### [Activity]
Please copy exactly the lines from the one containing "えさやりはもちろん、馬のお散歩やブラッシング体験なども楽しめます。" to the end of the entries, both included, and nothing else. Omit every picture.
········
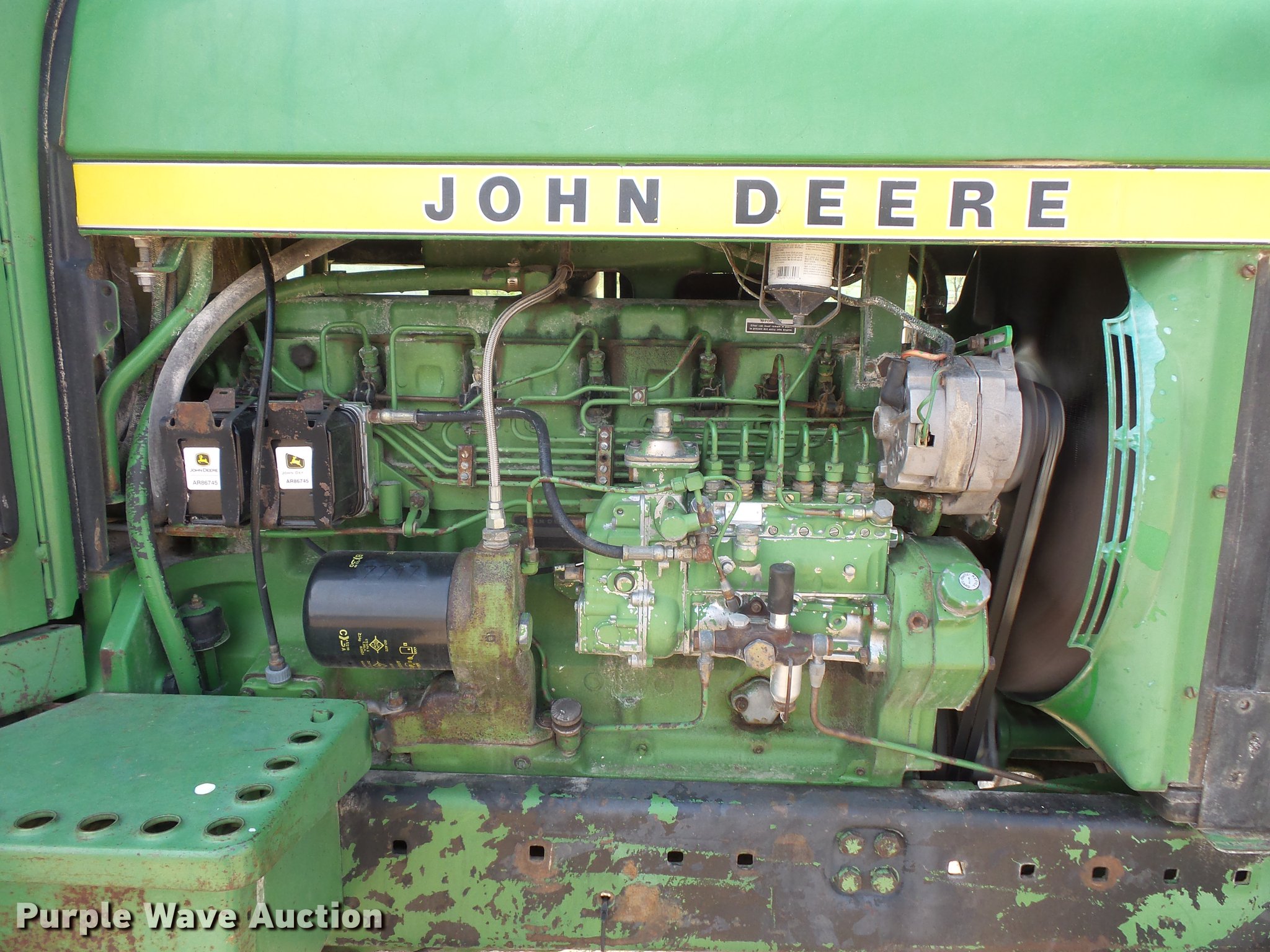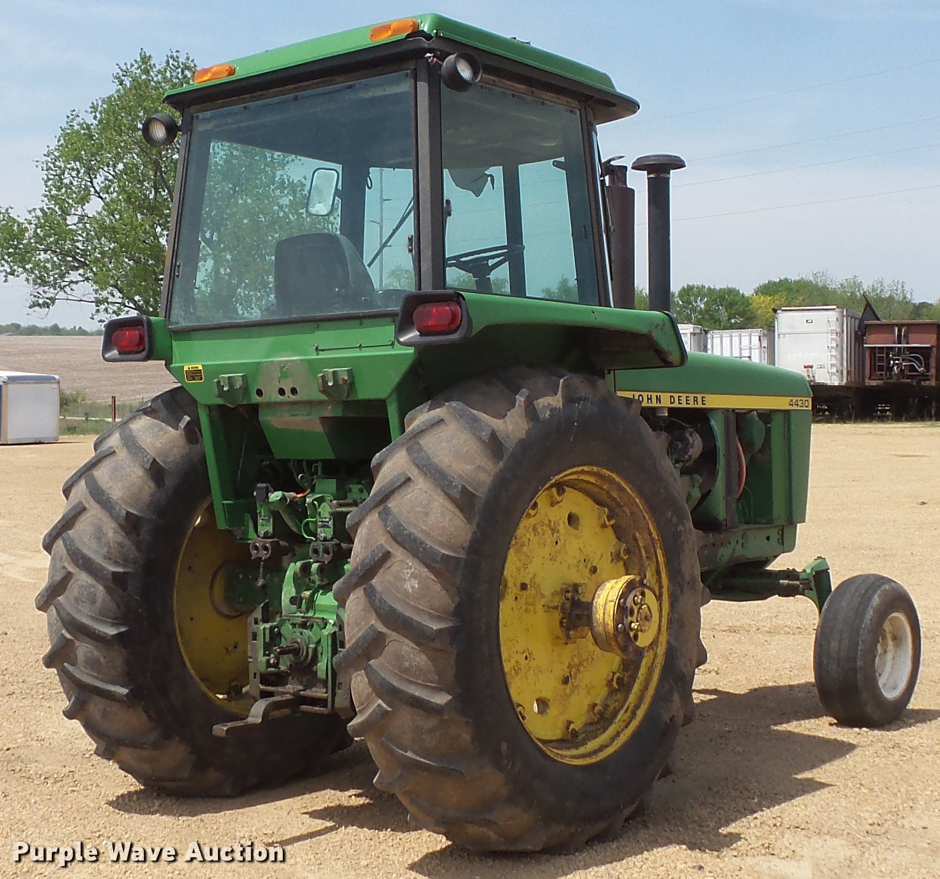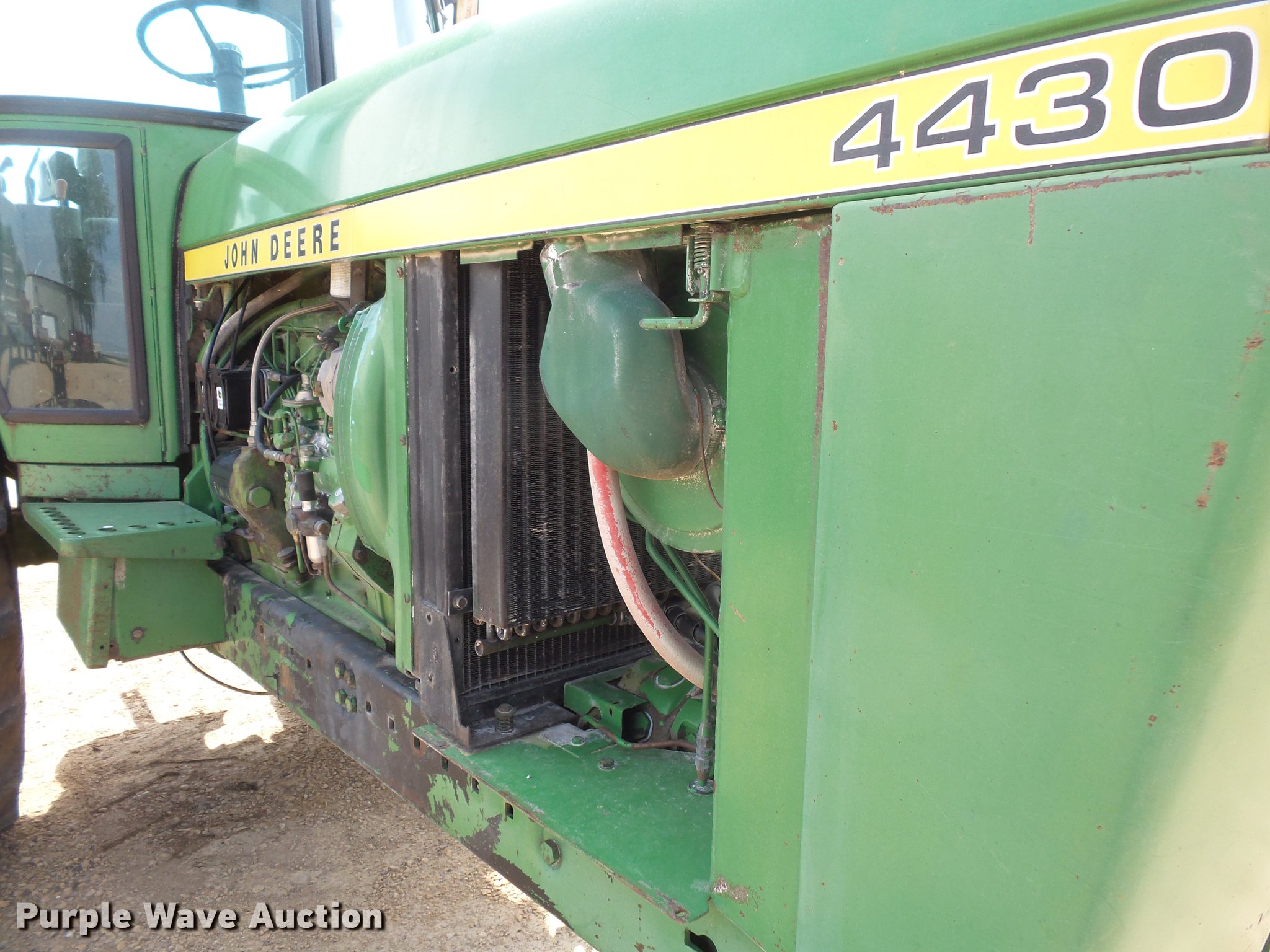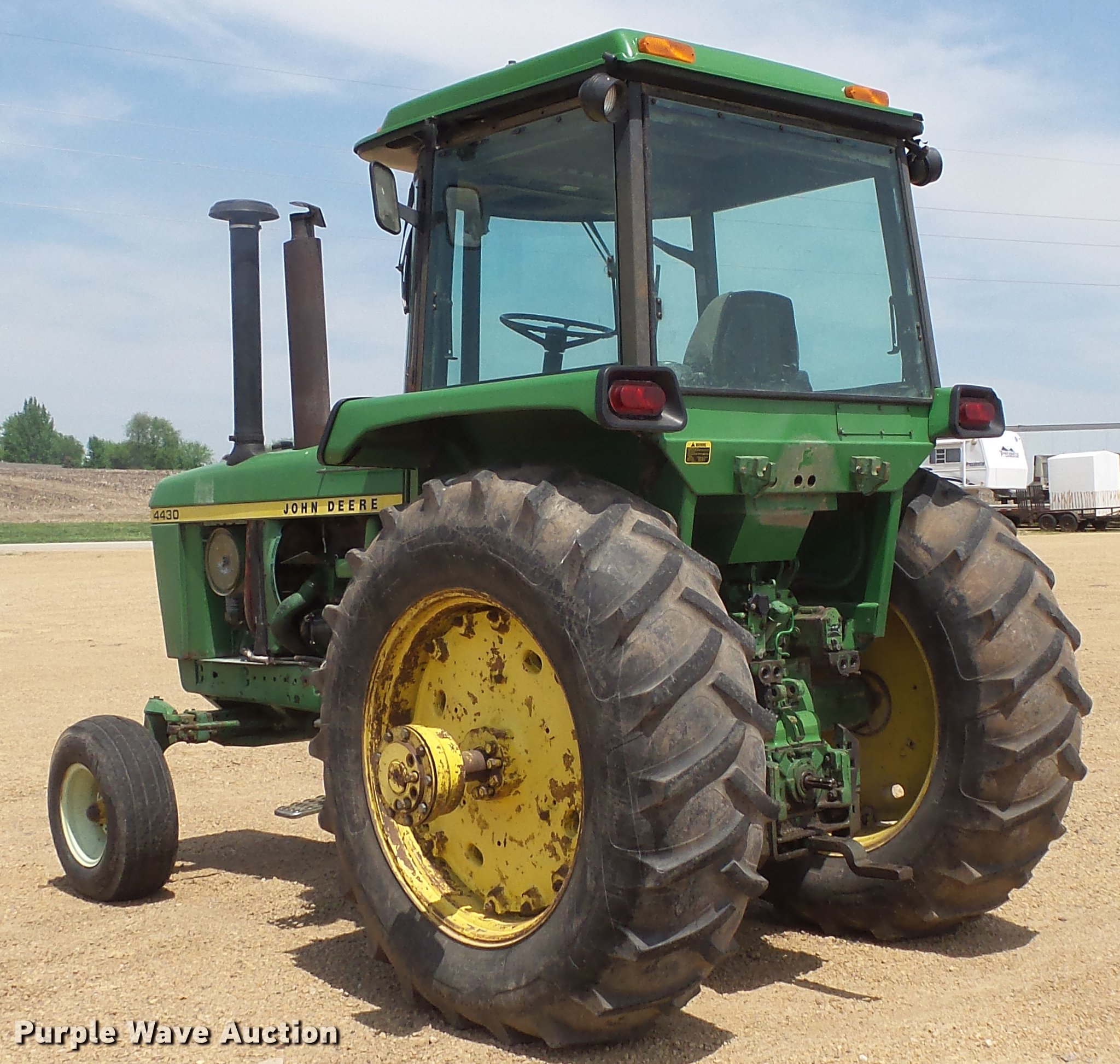 Purple Wave is selling a used Tractor in Wisconsin. This item is a 1977 John Deere 4430 tractor with the following: 7,829 hours on meter, John Deere 6.6L six cylinder turbo diesel engine, Serial 6404TR-07528168R0, Powershift transmission, 8F-4R gears, Differential lock, AC and heat, Tilt steering wheel, Suspension seat, Seven pin outlet, 540/1000 PTO, (2) rear hydraulic remote sets, 11.00-15 front tires, 18.4-38 rear tires, Serial 4430P065583R
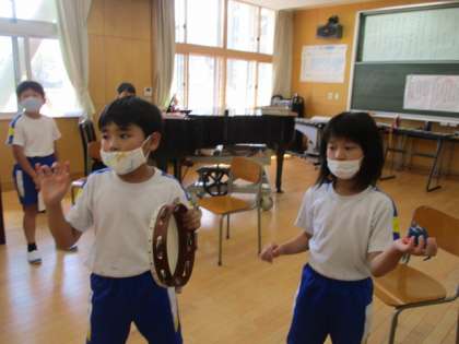 タイミングを合わせたり、友達が鳴らす楽器の音を聞きながら歌ったりして、アンサンブルを楽しんでいました。
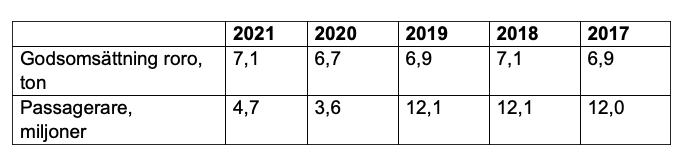 Under 2021 ökade roro-godset med sex procent jämfört med föregående år. Kapellskärs hamn är den hamn i koncernen där tillväxten är starkast, med en ökning av godshanteringen på hela 13 procent jämfört med föregående år.
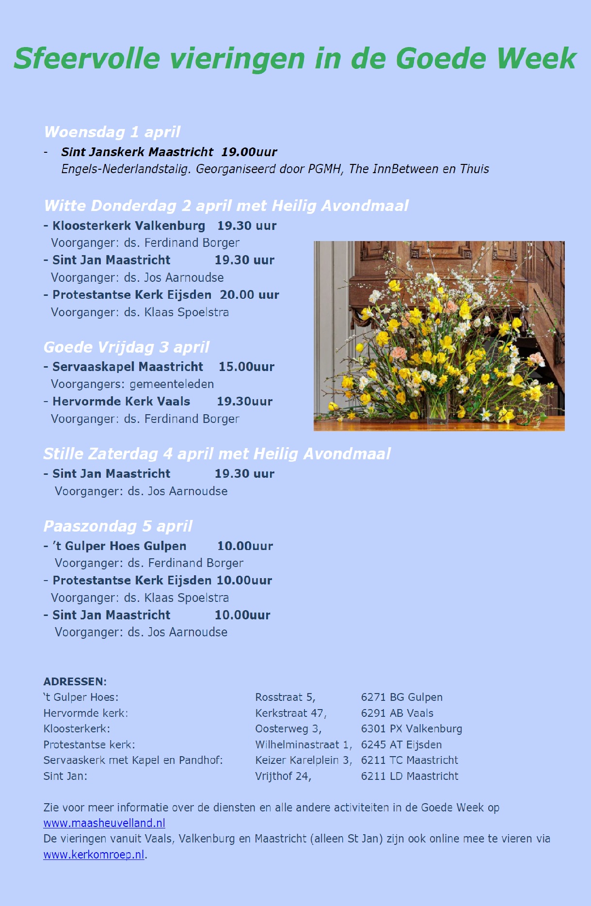 Vespers en maaltijden in de 40-dagen tijd: Hoop verzamelen. Dagen en locaties: - 24 februari Kloosterkerk Valkenburg, - 3 maart Trefpunt St. Jan Maastricht, - 10 maart Kloosterkerk Valkenburg. - 17 maart Trefpunt St. Jan Maastricht, - 24 maart Oude Pastorie Vaals, - 31 maart Trefpunt St. Jan. Tijden: Inloop: 18.00uur Maaltijd: 18.30uur Vesper: 19.30uur Aanmelden: predikant@maasheuvelland.nl Het gegeven, het licht dat niet dooft, wordt de kern van onze vespers in de weken naar Pasen toe. Hoop verzamelen op wat voor manier dan ook. In een foto, beeld, verhaal gebed of gedicht. We verzamelen wat ons gaande houdt op weg naar het feest van de Opstanding. Hoop verzamelen tegen alle wanhoop in. Soms valt het je ten deel. ![]() Vervoer nodig? Graag even bij opgave doorgeven, dan wordt dat geregeld. Welkom! Ds. Ferdinand Borger | ||
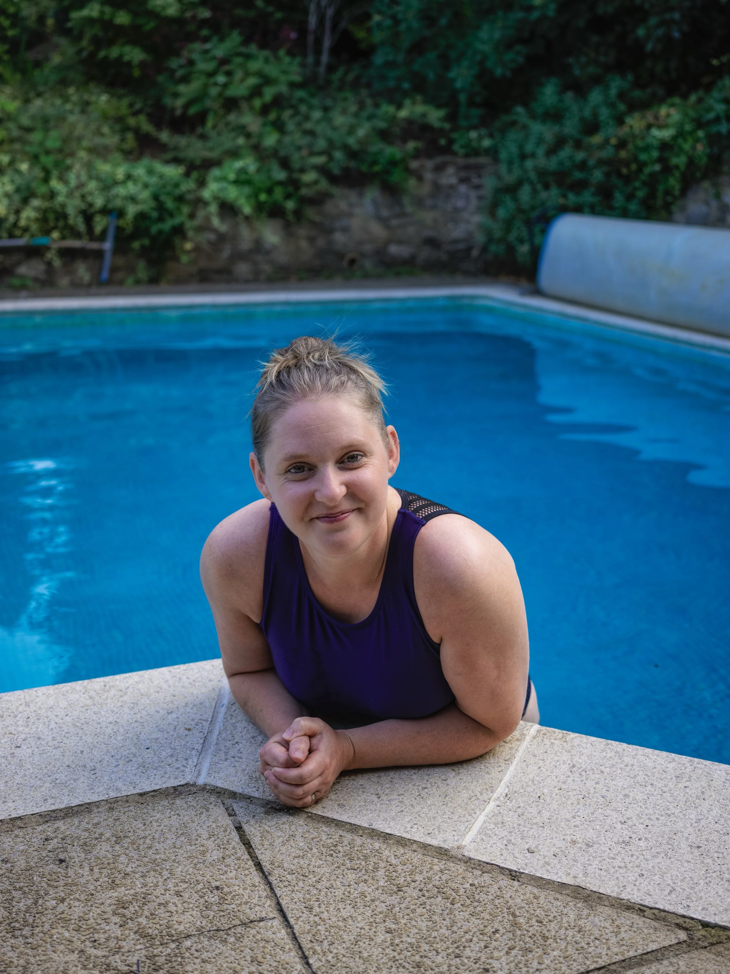 Woman in a purple top relaxing by a backyard swimming pool, leaning on the pool's edge with trees and bushes in the background.
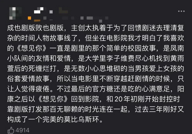 不过,事与愿违,即便是相同的主创把关,票房忽高忽低,口碑也难称满意,对各家公司而言,剧集改编成电影的方法论还在不断摸索阶段。
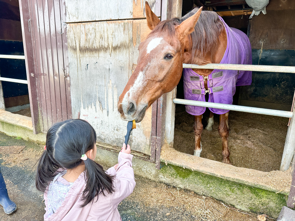 えさやりはもちろん、馬のお散歩やブラッシング体験なども楽しめます。
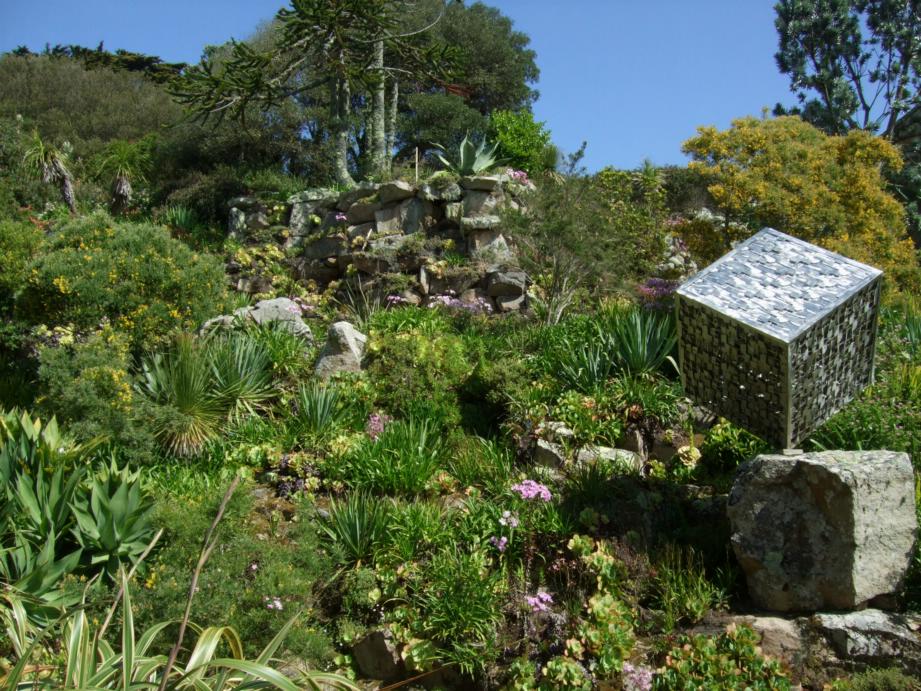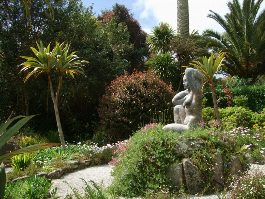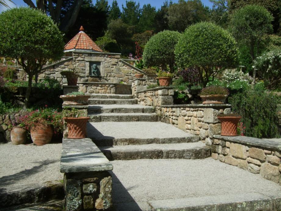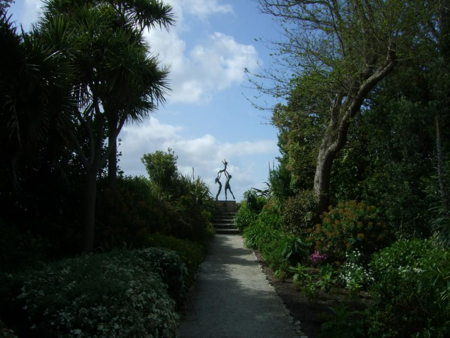 From the upper terrace a long flight of steps lead back down to the Tresco Children sculpture.
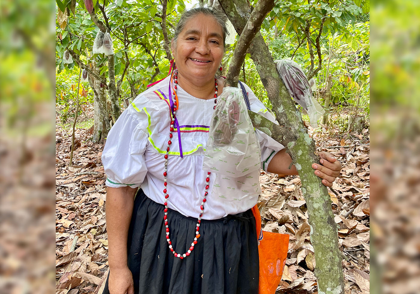 La primera parada fue en la comunidad de Copal Sacha, ubicada en el distrito de San José de Sisa (Lamas), donde la agricultora Delly Neyra mostró con entusiasmo el incremento de su cosecha de cacao en un aproximado del cien por ciento gracias a la técnica del embolsado de las mazorcas, actividad aprendida en las ECA de PERU-Hub, la cual tiene como objetivo evitar el ingreso de plagas y enfermedades en los frutos.
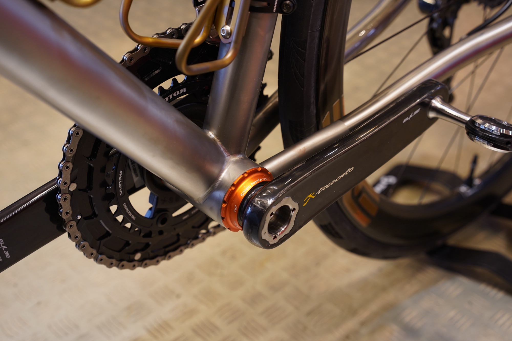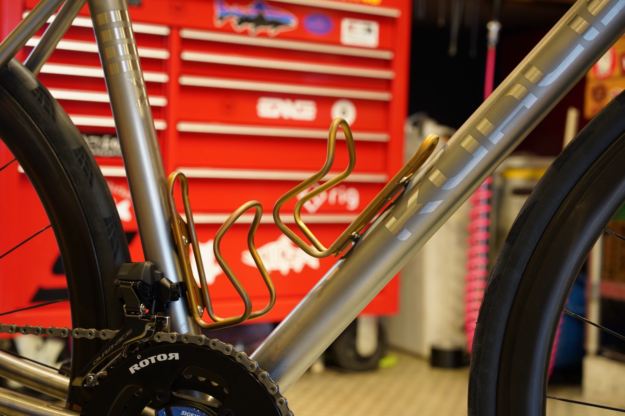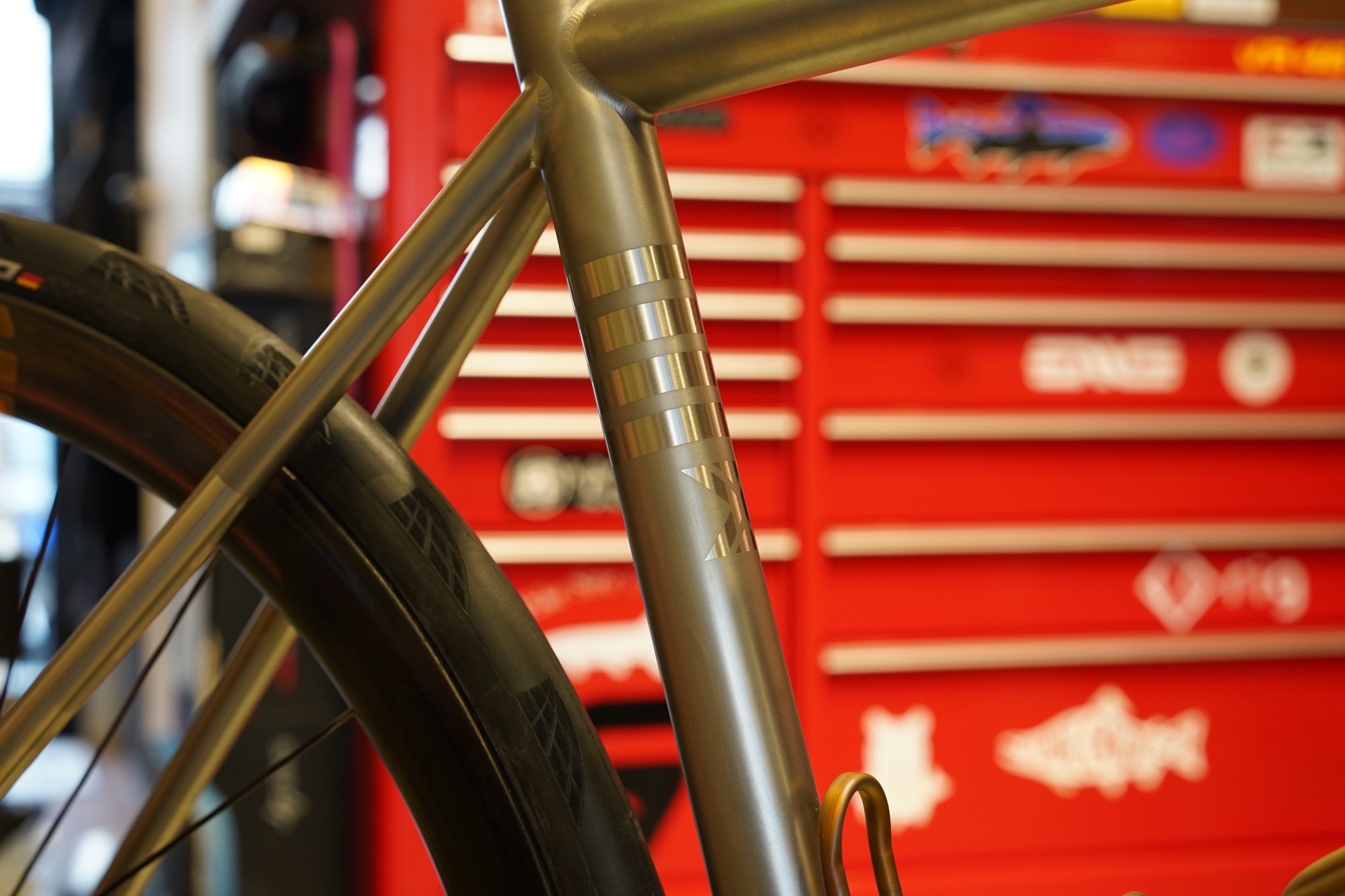 オーダーごとに削るチタンパイプの凄さ、芸術的な溶接と、見えない内部まで光り輝く美しいフレーム。飾り気がないからこそ誰の目も誤魔化せないなかでのこの出来栄え、美しさ。毎度毎度惚れ惚れする出来ですね。
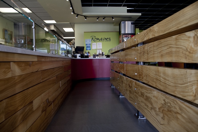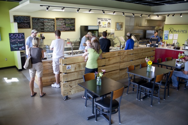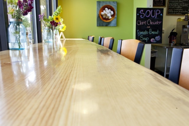 Romaines Restaurant — Missoula’s only Certified Green Restaurant — is local and sustainable from the core of its business. Just like the salads and soups, the window counter top is local and sustainably harvested…and organic!
········
### [Solution]
 えさやりはもちろん、馬のお散歩やブラッシング体験なども楽しめます。
 From the upper terrace a long flight of steps lead back down to the Tresco Children sculpture.
 La primera parada fue en la comunidad de Copal Sacha, ubicada en el distrito de San José de Sisa (Lamas), donde la agricultora Delly Neyra mostró con entusiasmo el incremento de su cosecha de cacao en un aproximado del cien por ciento gracias a la técnica del embolsado de las mazorcas, actividad aprendida en las ECA de PERU-Hub, la cual tiene como objetivo evitar el ingreso de plagas y enfermedades en los frutos.
 オーダーごとに削るチタンパイプの凄さ、芸術的な溶接と、見えない内部まで光り輝く美しいフレーム。飾り気がないからこそ誰の目も誤魔化せないなかでのこの出来栄え、美しさ。毎度毎度惚れ惚れする出来ですね。
 Romaines Restaurant — Missoula’s only Certified Green Restaurant — is local and sustainable from the core of its business. Just like the salads and soups, the window counter top is local and sustainably harvested…and organic!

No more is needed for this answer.